Optimal Noise in Spiking Neural Networks for the Detection of Chemicals by Simulated Agents

TitleOptimal Noise in Spiking Neural Networks for the Detection of Chemicals by Simulated Agents
Publication TypeConference Paper
Year of Publication2008
AuthorsOros, N, Steuber, V, Davey, N, Cañamero, L, Adams, RG
EditorBullock, S, Noble, J, Watson, RA, Bedau, MA
Name of ProceedingsArtificial Life XI: Proceedings of the Eleventh International Conference on the Simulation and Synthesis of Living Systems
Date Published08/2008
PublisherMIT Press
Conference LocationWinchester, UK
ISBN Number978-0-262-75017-2

We created a spiking neural controller for an agent that could use two different types of information encoding strategies depending on the level of chemical concentration present in the environment.
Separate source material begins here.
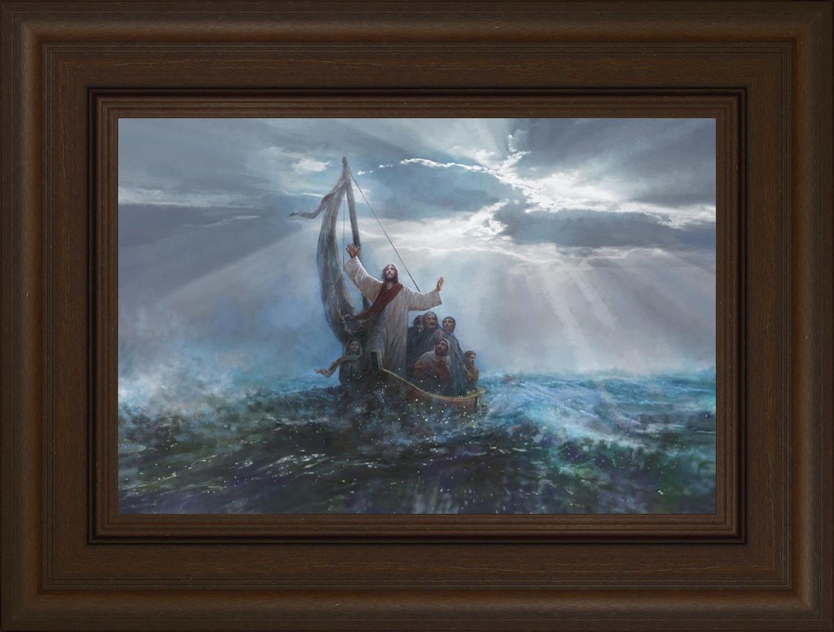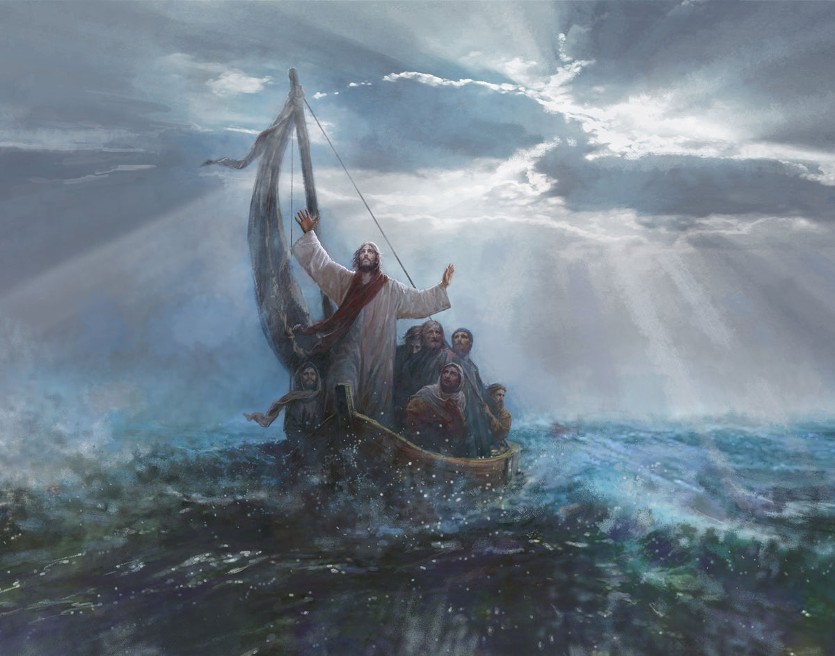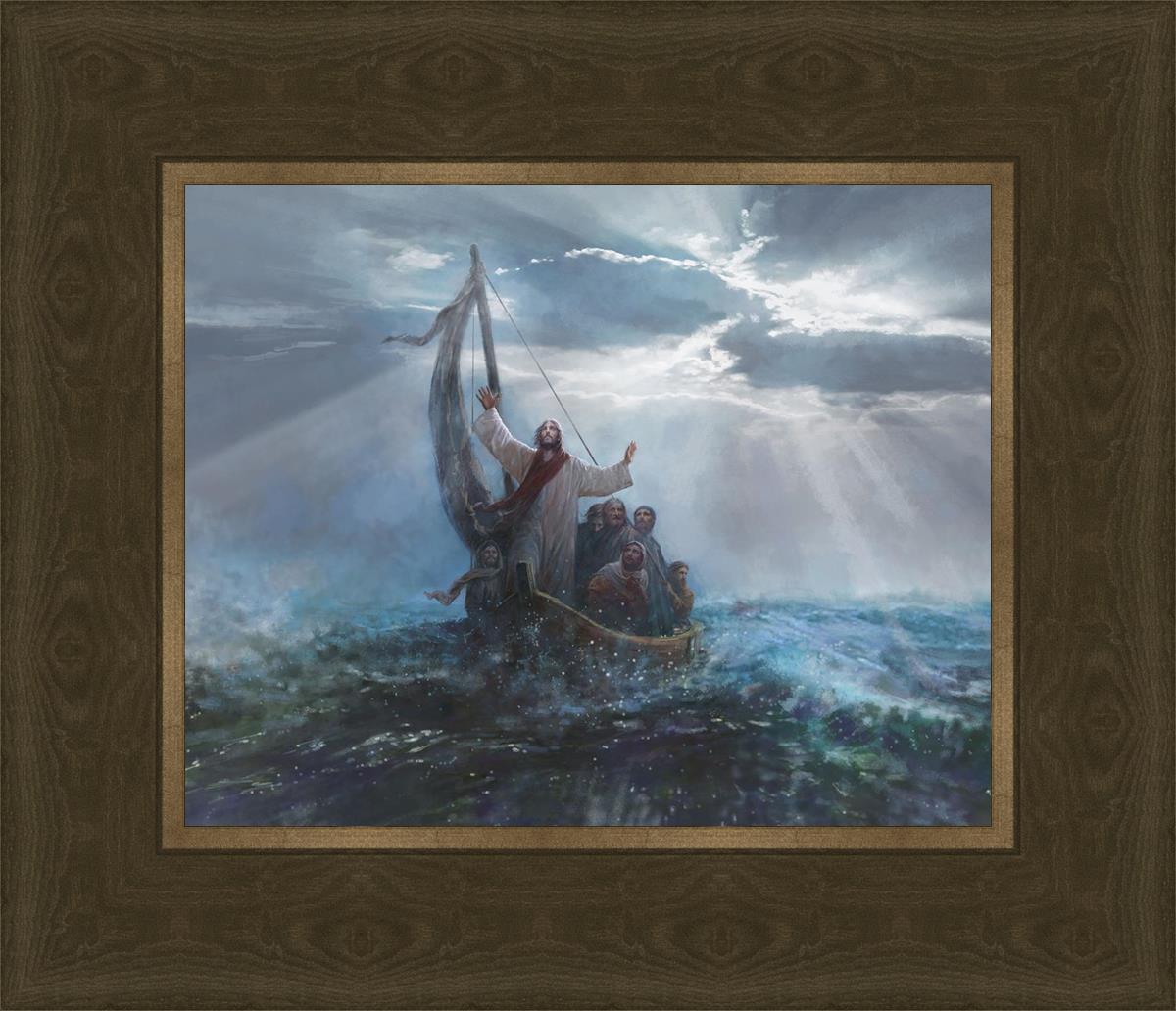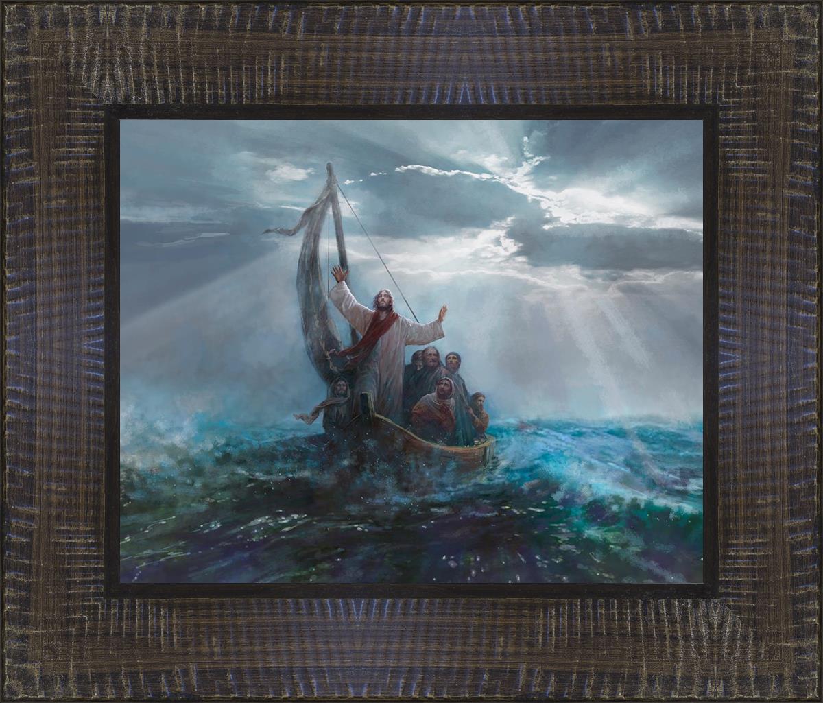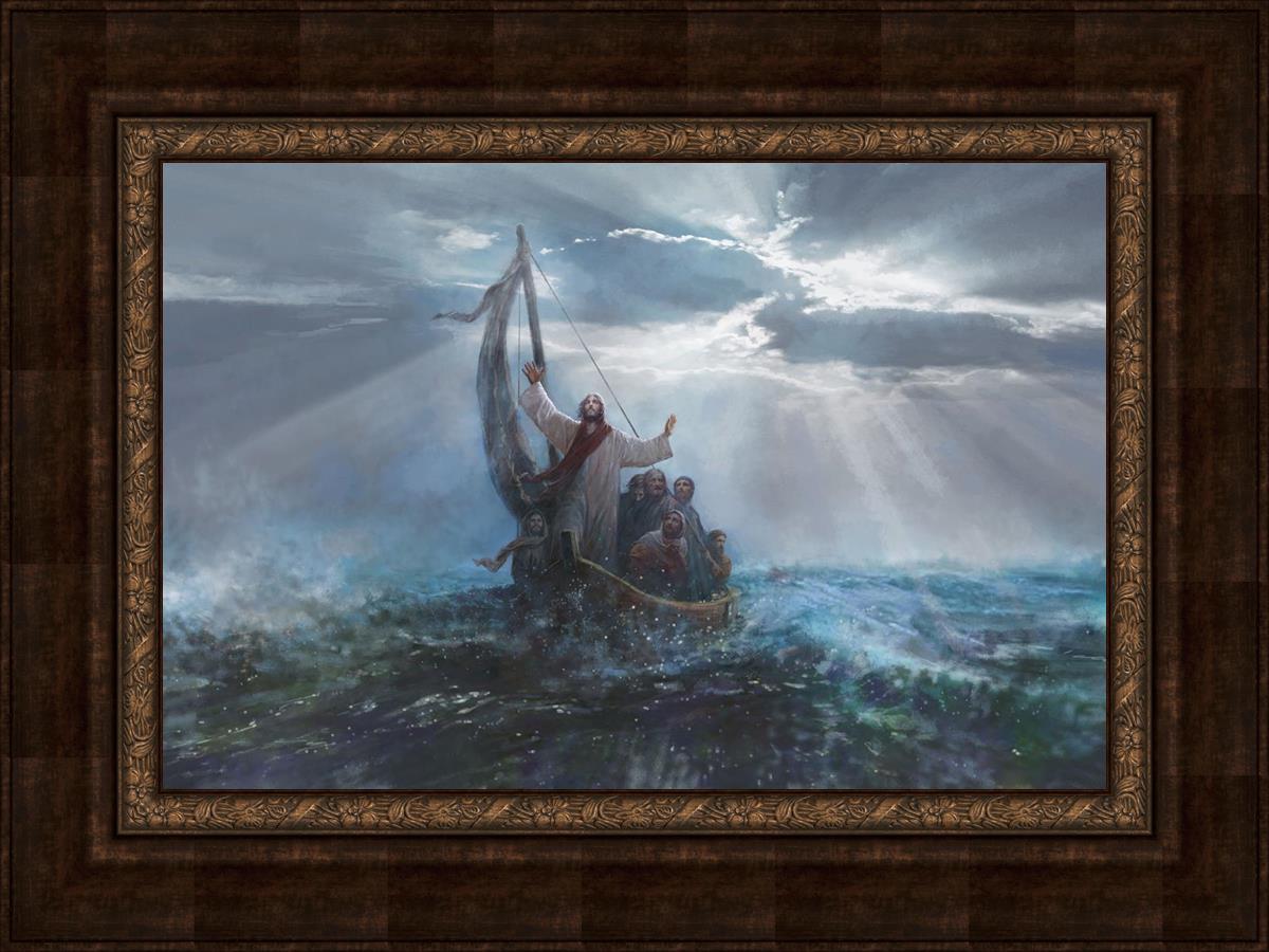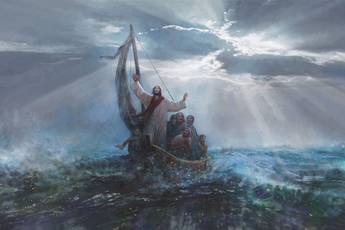 Peace Be Still by Yongsung Kim depicts Jesus on the sea with His arms raised to heaven calming the storm from a boat with his disciples. This painting is available in print and canvas.

The first goal of this research was to create a simulated agent that could react and stay within a region where there were two different overlapping chemicals having uniform concentrations. The agent was controlled by a spiking neural network that encoded sensory information using temporal coincidence of incoming spikes when the level of chemical concentration was low, and as firing rates at high level of concentration. With this architecture, we could study synchronization of firing in a simple manner and see its effect on the agent’s behaviour. The next experiment we did was to use a more realistic model by having an environment composed of concentration gradients and by adding input current noise to all neurons. We used a realistic model of diffusive noise and showed that it could improve the agent’s behaviour if used within a certain range. Therefore, an agent with neuronal noise was better able to stay within the chemical concentration than an agent without.